Imagine the following, for it happened and is happening. You tell me the axioms, and we—even I—can give you the set of conclusions you will likely reach. Reach, that is, even after you publish your judicious and even-handed critique of the status quo, followed by an incisive book-treatise throwing open a door to an unrepresented alternative and (necessarily) the publishing of a follow-up for popular audiences founding a tradition, and some papers noting its continuity with favored past sages (now pre-sages)—then a timely heretic appears, a century of internecine squabble passes and hones the essential insight, paring away all assumptions unnecessary to the seed, but the dissension weakens the tradition; it fades for a generation as new fashions in philosophy obscure it. Philosophy, the love of wisdom, whose self-declared sophophiles are actually sophophages. They regard your work as itself a fashion, "considered historically, objectively and according to contemporary criteria"—and are they perhaps right? A depressing anxiety.

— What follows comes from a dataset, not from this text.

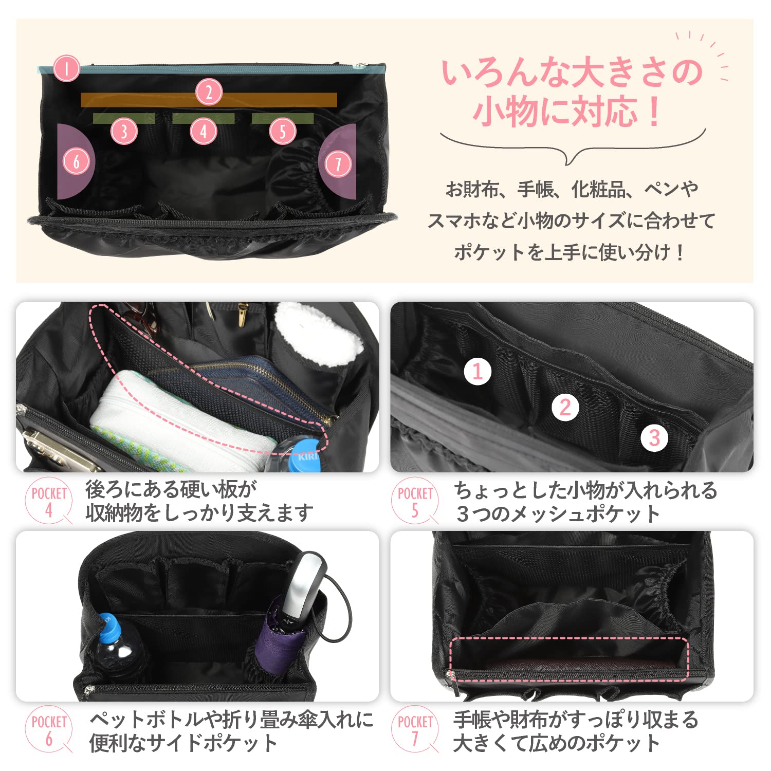 ?15個の小分けポケット 大小様々なポケットがありますので鍵、スマホ、財布等、ピッタリサイズのポケットを見つけられます。

They unearth your splintered monuments, in a chaste future resigned to scour the past not for answers but to classify. Finding you and your progeny they file the collected works in a library for students to write papers on your grammar and your footnotes. Ironically they shelve your collected works beside others saying the contrary. Is a bookshelf of contrary philosophies not like three wines of separate vintage combined to make a more "palatable" blend? Our future sopho-connoisseurs finish by coding your work in a decimal system that distinguishes philosophical books by—yes—by their "school" which really means—finally, yes—by their axioms. The axioms which chose the conclusions. You could have started with your conclusions and reverse engineered the axioms. How distasteful and yet, did you do that? It's disheartening to worry that one may have begun with conclusions and only then have chosen the axioms. But was it better to begin with axioms, which no less had to chosen, for no argument can be offered for them? Either way, it strikes you, it doesn't really matter, for either way there was: a choice.

At the bottom, choice. Centuries of argument proving—proof, unnecessary! Arriving no closer to a "rational basis for belief" precisely because—we have one. And that basis founded in axiom, the ultimate premise for any line of argument, itself having—no basis in any line of argument. Vanity of vanities. Where is Anaximenes now? He might be interested to learn we have discovered what he always knew, that it is all: air.